Obj.-Dok.-Nr.: 09045122
Bezirk: Friedrichshain-Kreuzberg
Ortsteil: Friedrichshain
Strasse: Samariterstraße
Hausnummer: 38
Denkmalart: Baudenkmal
Sachbegriff: Mietshaus
Datierung: 1898-1899
Entwurf & Ausführung: Kneifel, Carl (Maurer)
Bauherr: Wünsche, Max (Klempnermeister)

Während die Parzellen nördlich der Rigaer Straße gleichmäßig auf freiem Feld angelegt wurden, sind die Zuschnitte in den südlichen Blöcken noch von den tiefen und schmalen historischen Parzellen der Frankfurter Allee geprägt, die an den Blockrändern der Seitenstraßen und in ihren hinteren Bereichen in flache Grundstücke aufgeteilt wurden.

Auch das Mietshaus Samariterstraße 38 und die benachbarten Gebäude liegen aus diesem Grund auf ungleichmäßigen Parzellen. 1898 gab der Klempnermeister Max Wünsche die Nummern 35-38 beim Maurermeister Carl Kneifel im Stil der Neogotik in Auftrag.
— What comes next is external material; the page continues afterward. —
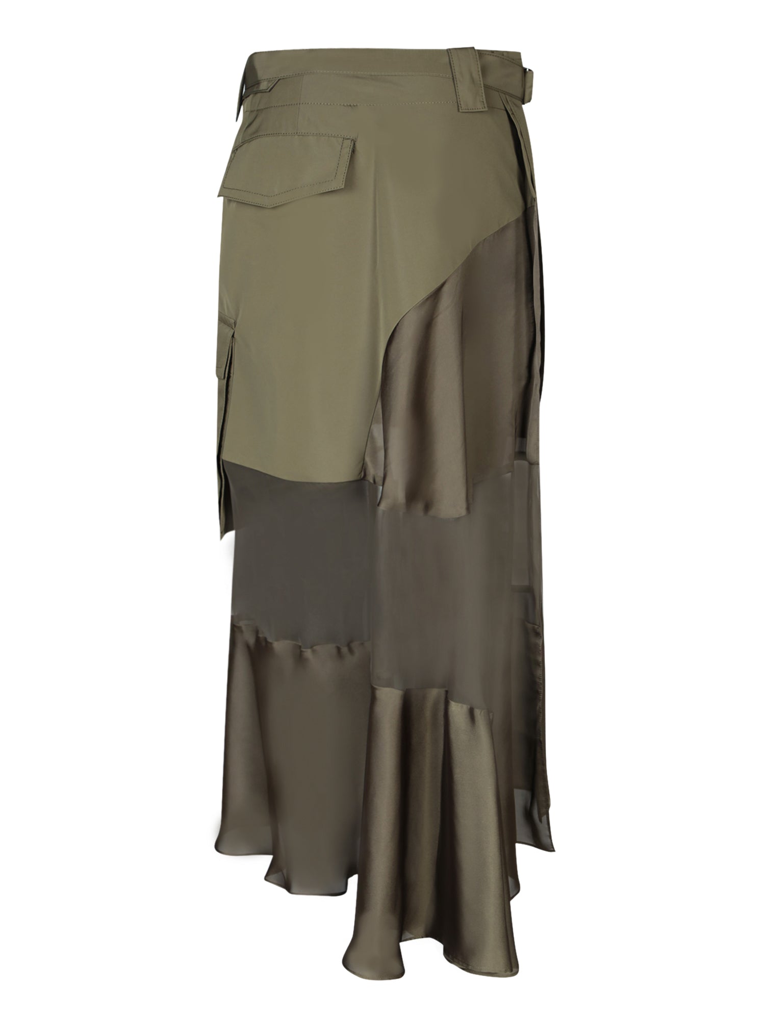Side zip closure waist, flap pocket, paneled design, asymmetrical hem.

Ein Jahr später waren sie bezugsfertig. Da diese Anlage vereinfacht und stark verändert ist, bezeugt nur noch das Haus Samariterstraße 38, das weitgehend ungestört erhalten ist, exemplarisch den ursprünglichen Charakter der Mietshausbesiedlung im rückwärtigen Bereich der Frankfurter Allee und insbesondere dieser neugotischen Mietshausgruppe.